QUESTA E' LA LEGA !

"Se uno non ha il pugno di ferro e la volontà d'acciaio, si arrende prima ancora di combattere, o magari passa nelle file del nemico che sono più comode e meglio retribuite. Altro che stalinismo: bisogna essere molto decisi e non ammettere tradimenti, se si vuole affrontare lo Stato centralista con qualche possibilità di vincere".
U.Bossi - Vento dal Nord - Sperling e Kupfer Editori, 1992

La LEGA NORD non è BELSITO.
La LEGA NORD non è "IL CERCHIO MAGICO".

LA LEGA NORD è il popolo di Pontida, del Monviso e del 15 settembre 1996.
LA LEGA NORD è migliaia di militanti che hanno giurato fedeltà alla propria terra e alla propria gente.

LA LEGA NORD è tutto quello che ci hai insegnato tu in questi anni, Umberto.
LA LEGA NORD è la tua storia che hai scritto con Daniele Vimercati nel "Vento dal Nord", che da ragazzini ci ha tanto appassionato e che abbiamo preso come modello.
LA LEGA NORD sei tu con una semplice utilitaria che andavi ad attaccare i manifesti da solo in mezza Lombardia e dove qualche volta volavano gli "sganassoni".
LA LEGA NORD è il tuo impermeabile, la tua sigaretta e poi il tuo sigaro. La pizza e la coca-cola. Il pennarello nero per farti firmare gli autografi.
LA LEGA NORD è il gazebo e il volantino, la festa e l'incontro pubblico, la mozione e il consiglio comunale, la camicia verde e la cravatta obbligatoria al senato.
LA LEGA NORD è l'emozione dei tuoi militanti quando ti aspettano a un comizio e che si agitano quando sanno dalla Digos che stai per arrivare.
LA LEGA NORD è la tua gente che si è commossa quando ti ha visto far capolino durante la malattia da quella finestra di Lugano.

LA LEGA NORD è lo sguardo dei più giovani quando alle riunioni raccontiamo la tua storia, la tua vita, le nostre battaglie.
LA LEGA NORD è un viaggio in Irlanda, In Scozia o in Catalunya con la bandiera della Padania nello zaino e tanta voglia di raccontare chi siamo e lo sfrenato desiderio di Libertà che abbiamo.

LA LEGA NORD è politica e amicizia. E' una riunione in sezione e poi una birra al bar.

LA LEGA NORD è la Polizia che irrompe in via Bellerio perchè parliamo di Indipendenza della Padania e non di soldi in Tanzania.

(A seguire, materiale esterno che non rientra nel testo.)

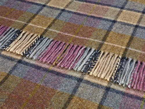 Bronte Gargrave Check Pianta erica 100% Pure Nuovo Shetland Coperta Di Lana Copriletto 185 x 140cms prodotto nel Regno Unito Lune
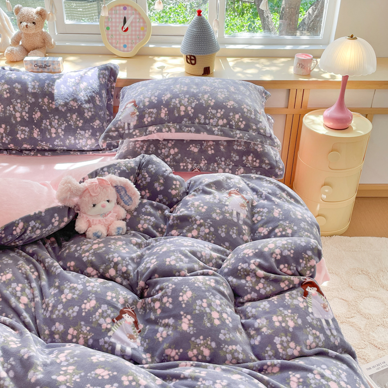 (总)一比一家纺 2025新款保暖舒适云感纱➕绒加绒四件套,樱桃灰,格子蝴蝶结紫,黛秋,蝶影 - 灰,花漾,蝶影- 紫,冬日暖阳,蝴蝶结点点- 紫,兰亭序,兰溪,曼塔玫瑰,南城旧事,闲趣花开,樱桃小狗,紫蔓花开,格林黑,小美满,婉约

Forza Capo, ti vogliamo bene.
Caccia via subito questa ignobile gentaglia traditrice della Militanza e del nostro Popolo e andiamo avanti, all'attacco del Mario Monti di turno e dello stato centrale che mette in ginocchio le nostre famiglie e che non ci fa vivere sereni.

E una cosa concedimela, non dar retta a quel "cerchio" di persone che non ti vogliono bene e che ti parla male anche di noi Giovani Padani.
Sei il nostro Segretario Federale e abbiamo bisogno di starti vicino. Dobbiamo starti vicino. Ci devi indicare la strada per poter affrontare con coraggio le sfide del futuro e per riuscire a portare avanti con successo il tuo progetto.

Firmo queste righe e ci metto la faccia per dovere e nel rispetto dei Giovani Padani della Lombardia che ho l'onore di rappresentare.
Firmo e ci metto la faccia nel rispetto dei cittadini che mi hanno votato e che rappresento nel mio comune.
Firmo e ci metto la faccia nel rispetto di tutti quei Leghisti che sono finiti in questura o in tribunale per essersi "sporcati le mani" di colla o di vernice o per altri reati politici.
Firmo e ci metto la faccia nel rispetto delle nostre famiglie e dei sacrifici che tutti noi abbiamo fatto in questi anni.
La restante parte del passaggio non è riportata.